DATASET CONTENT
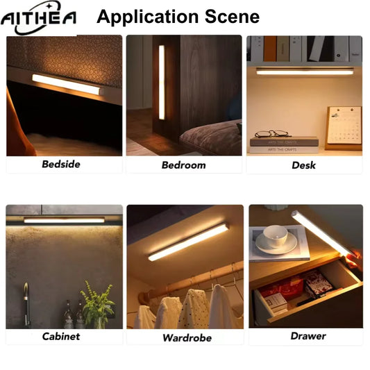 Motion Sensor LED Under Cabinet Lamp Dimmable Rechargeable Night Light Stairs Closet Room Aisle Tube Bar Detector Bulb
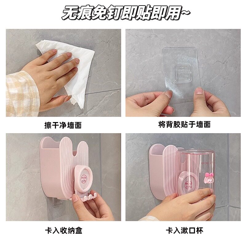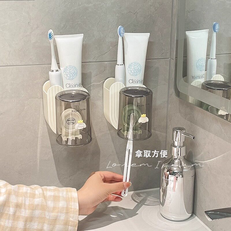 免打孔卫生间牙具座牙膏收纳浴室 牙刷牙杯壁挂置物架电动牙刷套装
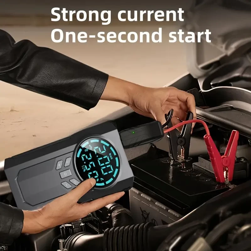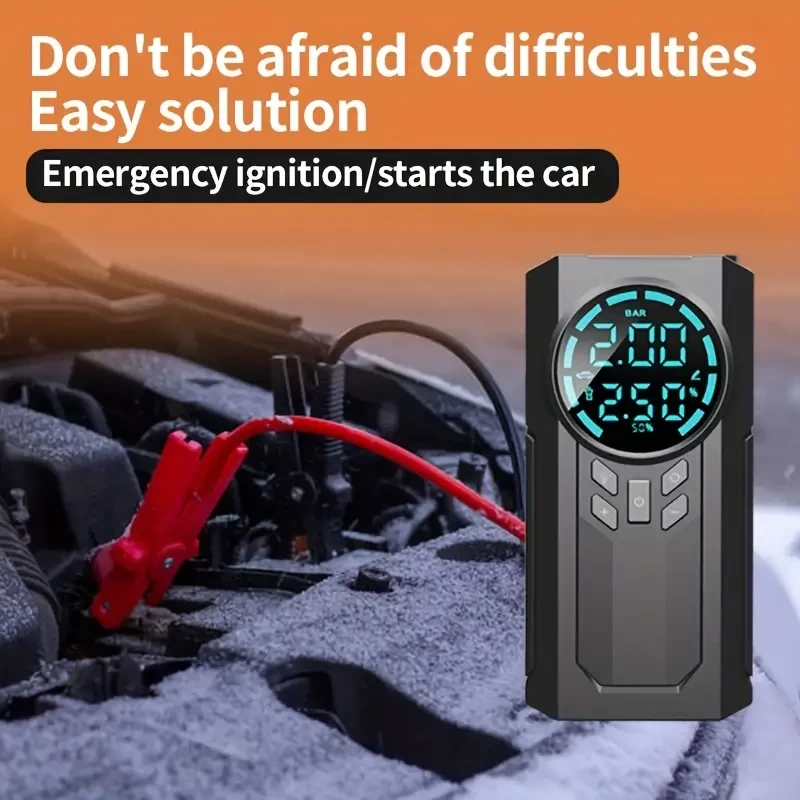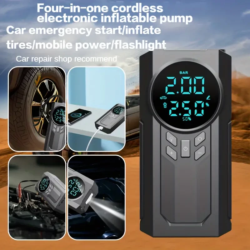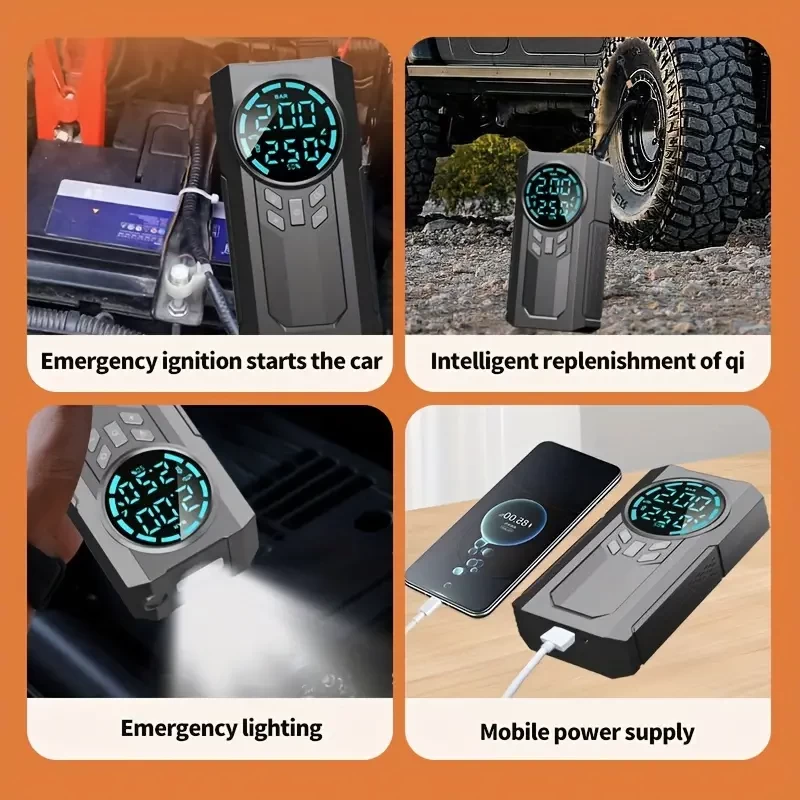 1pc Portable Cordless Car Battery Emergency Starter, Tire Air Pump, Air Compressor, Easy Inflation Tire, LED Display, Flashlight, Mobile Power Supply
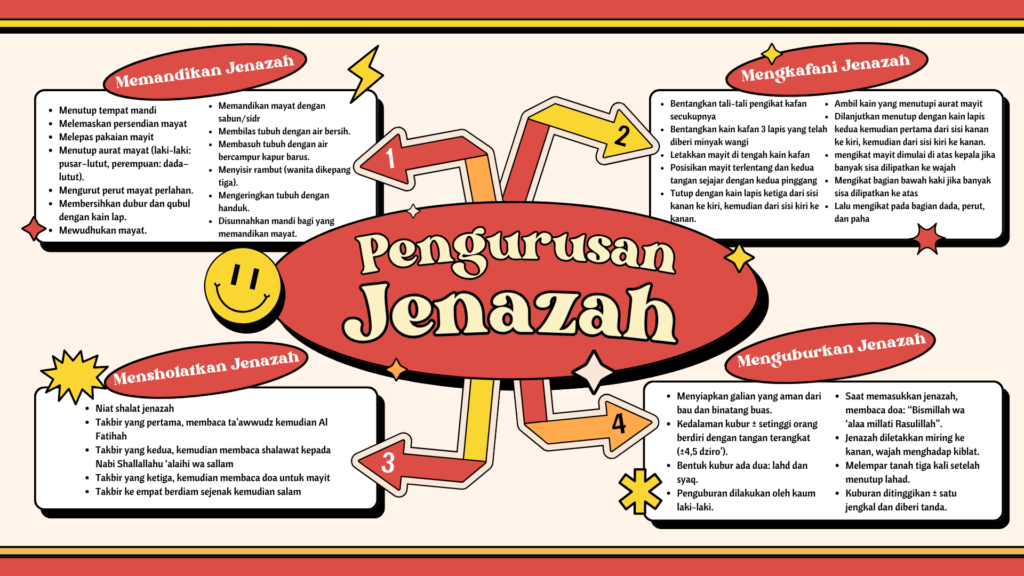 Assalamuallaikum Warahmatullahi Wabarakatuh so here I will explain my project this time which is Mind Mapping. So this time we were asked to make a Mind Map about the Management of the Corpse, such as Bathing the Corpse, Shrouding the Corpse, Praying for the Corpse and Burying the Corpse. Okay, maybe that’s all the explanation from me. Wassalamuallaikum Warahamatullahi Wabarakatuh.

TASK DIRECTIONS
Leave out all pictures, then copy the remaining material exactly.

RESPONSE AREA
 Motion Sensor LED Under Cabinet Lamp Dimmable Rechargeable Night Light Stairs Closet Room Aisle Tube Bar Detector Bulb
 免打孔卫生间牙具座牙膏收纳浴室 牙刷牙杯壁挂置物架电动牙刷套装
 1pc Portable Cordless Car Battery Emergency Starter, Tire Air Pump, Air Compressor, Easy Inflation Tire, LED Display, Flashlight, Mobile Power Supply
 Assalamuallaikum Warahmatullahi Wabarakatuh so here I will explain my project this time which is Mind Mapping. So this time we were asked to make a Mind Map about the Management of the Corpse, such as Bathing the Corpse, Shrouding the Corpse, Praying for the Corpse and Burying the Corpse. Okay, maybe that’s all the explanation from me. Wassalamuallaikum Warahamatullahi Wabarakatuh.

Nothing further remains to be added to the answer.